Real-time flood mapping on basis of Twitter and DEM
During a flood it is often difficult to obtain accurate and real-time information about the extent of the flood and the people affected. This information is important, particularly for crisis relief organisations, in terms of further reducing risks and taking the right measures. In a joint study, two Dutch organisations – Deltares and Floodtags – have developed a proof of concept to derive real-time flood-extent maps based on tweets about floods.

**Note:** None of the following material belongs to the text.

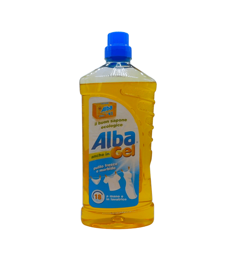 Alba Gel ökologisches Waschmittel mit frischem und weichem Duft. Geeignet für Hand- und Maschinenwäsche. Respektvoll zur Haut und Umwelt – 18 Waschgänge.

From big data to real-time flood maps
At present, flood-extent maps are derived from a limited number of sources, such as satellite images, areal images, ground observations, hydrodynamic models and post-flooding flood marks. This information is usually supplied after the event. However, it still remains difficult to obtain accurate real-time flood-extent maps. The emergence of social media has provided us with a new data source that contains large numbers of real-time observations from local people.
Pilot in Jakarta
In the city of Jakarta, the Twitter capital of the world, the intensity of unique flood-related tweets during a flood peaked at almost 900 tweets a minute during floods in February 2015. A significant number of these tweets include information about water depth and location. However, uncertainties arise because water-depth observations are generally rough estimates. If disaster managers are to use this cloud of observations, the data need to be filtered, enriched, validated and transformed into easily interpretable flood-extent maps. FloodTags and Deltares developed a procedure to use the thousands of observations generated by the social media. By applying statistics and using hydrodynamic corrected Digital Elevation Maps, they created real-time flood-extent maps for Jakarta. The real-time flood-extent maps provided a good comparison with ground-truth photographs in most neighbourhoods in Jakarta. This method can be scaled easily for any place in the world with enough Twitter activity.
Crisis managers can take more effective decisions
When implemented in an operational warning system, the method will create real-time maps based on tweets that people have sent a minute previously. The maps are also useful in the post-flood phase for the calibration of hydrodynamic flood models and for insurance companies to obtain rapid information about areas where damage has occurred.